Diabetes Data Analysis
Overview This project performs an in-depth analysis of diabetes data, involving data cleaning, exploratory data analysis, unsupervised learning, and machine learning model training. The goal is to identify patterns and build predictive models for diabetes diagnosis.
Features Implemented Data Cleaning- Handling missing values by replacing zeros with median values. Exploratory Data Analysis (EDA)- Correlation heatmap visualization, Dimensionality reduction using PCA, UMAP, and t-SNE. Unsupervised Learning- K-Means clustering for pattern recognition. Supervised Learning Models- Logistic Regression, Random Forest Classifier, XGBoost Classifier Model Evaluation- Accuracy computation, Cross-validation for model performance assessment. Hyperparameter Tuning- GridSearchCV for optimizing Random Forest parameters. Feature Selection- Selecting the most important features using Random Forest. Regularization Experiment- L2 Regularization applied to Logistic Regression.
Dataset The dataset used is the diabetes.csv file, which contains relevant features for diabetes prediction.

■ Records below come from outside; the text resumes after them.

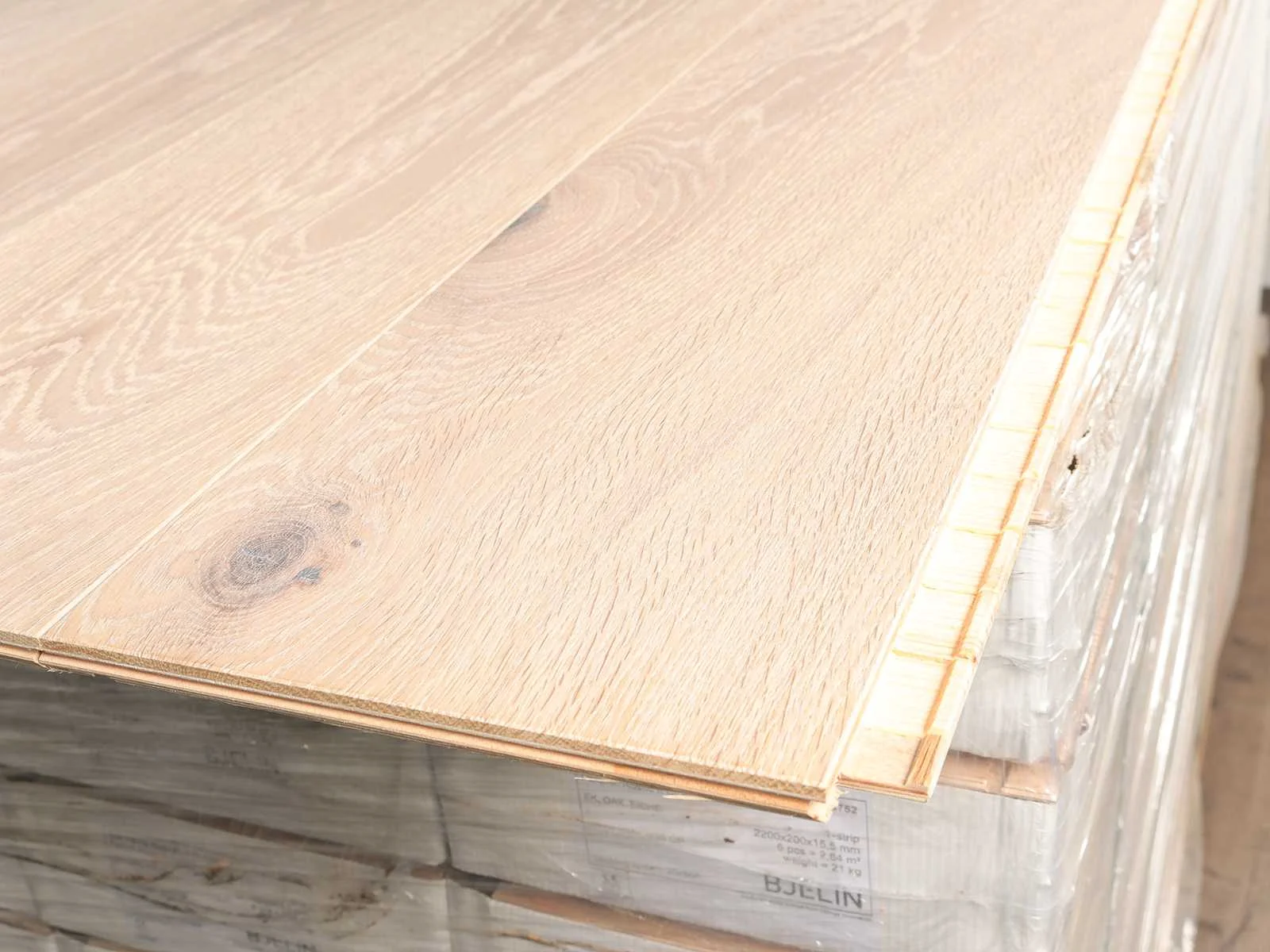 Gemakkelijk te leggen wegens clicksysteem, geschikt voor alle soorten vloer en koelverwarmingen, kwaliteits parketvloer, vloer is van hoogwaardig Europees eiken hout, kant en klaar behandeld, dikte 15 mm, toplaag 4 mm, 37 pakken a 2,72 m2 Bezorgtermijn 14 dagen Merk: Angelwood TR Product type: Parket Oppervlakte: 100m² Geschikt voor vloerverwarming: Ja V-groef: Ja Afwerking: Geolied, geborsteld, Eiken toplaag, met v-groef Aantal m² per verpakking: 2.72m² Kleur: Country 254-2 Gewicht: 825kg Lengte: 2420mm Breedte: 187mm Materiaal: Eiken multiplank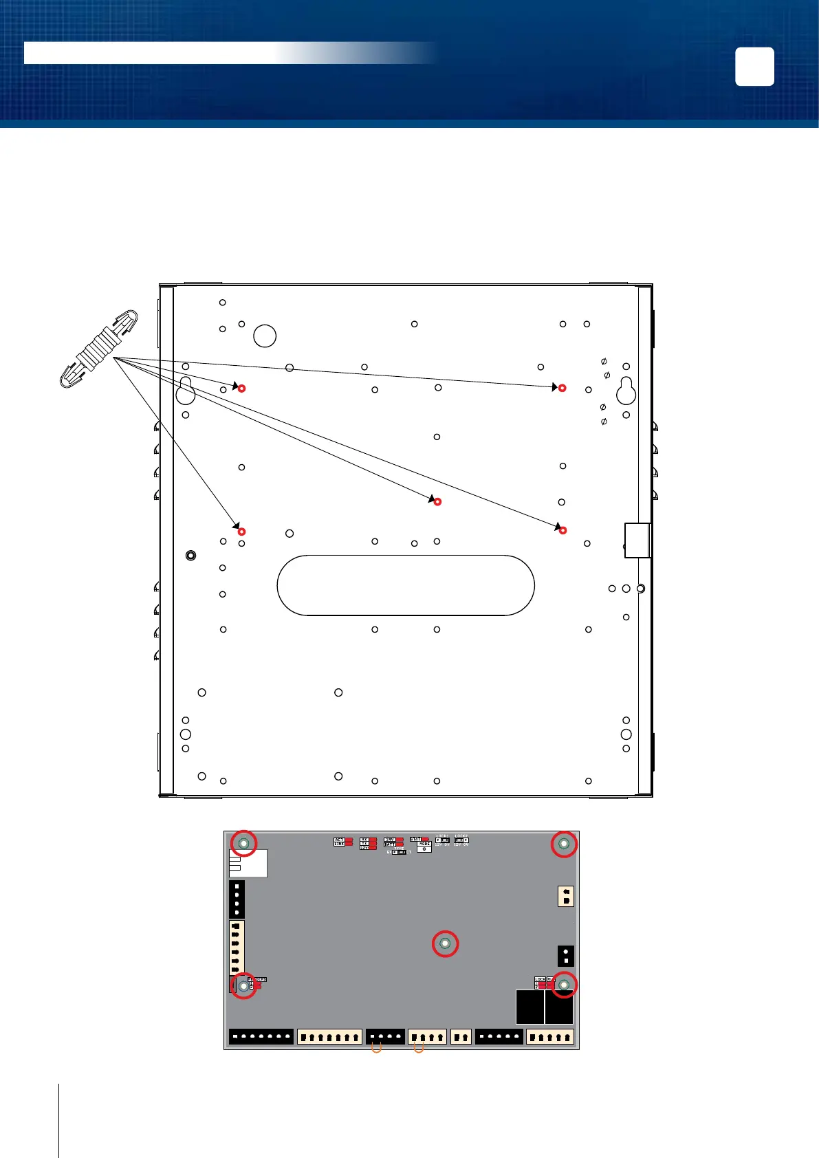 Install the 5 fasteners (PCB holder) supplied respectively to the box holes identied in red in the following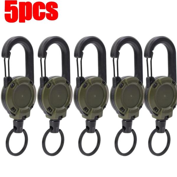 頑丈な格納式プルバッジ IDリールカラビナキーホルダー スチールワイヤーロープ バックルキーホルダー 屋外キーホルダーツール 1〜5個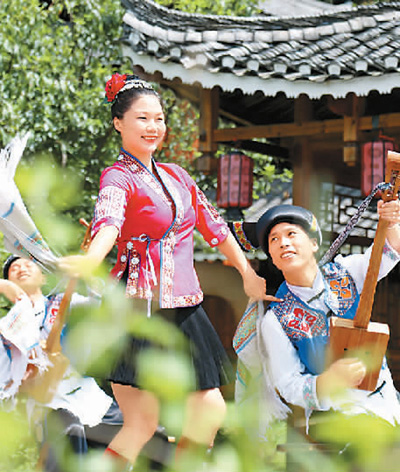 近年来,湖南省通道侗族自治县开发独具民俗特色的文化演艺产品,今年上半年实现旅游综合收入17.4亿元。图为通道侗族自治县芋头古侗寨景区的民俗演出现场,演员在表演侗族歌舞。 李尚引摄(人民视觉)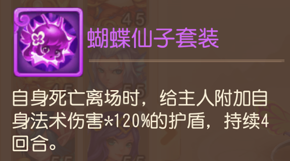 其套装效果:自身死亡离场时,给主人附加自身法术伤害*120%的护盾,持续4回合。离场后还能保护角色,这样的召唤灵谁不喜欢呢!

Installation and Requirements
Dependencies: Ensure you have the following Python libraries installed: pip install pandas numpy seaborn matplotlib scikit-learn umap-learn xgboost
How to Run Place diabetes.csv in the appropriate directory. Run the Python script to execute the analysis: python diabetes_analysis.py
Results Logistic Regression Accuracy: 76.62% Random Forest Accuracy: 76.62% XGBoost Accuracy: 73.38% Optimized Random Forest CV Accuracy: 78.02% Feature Selection Improved Accuracy: 74.68% Regularized Logistic Regression Accuracy: 76.62%
Future Improvements Experiment with additional feature engineering techniques. Try deep learning models for better prediction accuracy. Expand the dataset with external medical records for improved insights.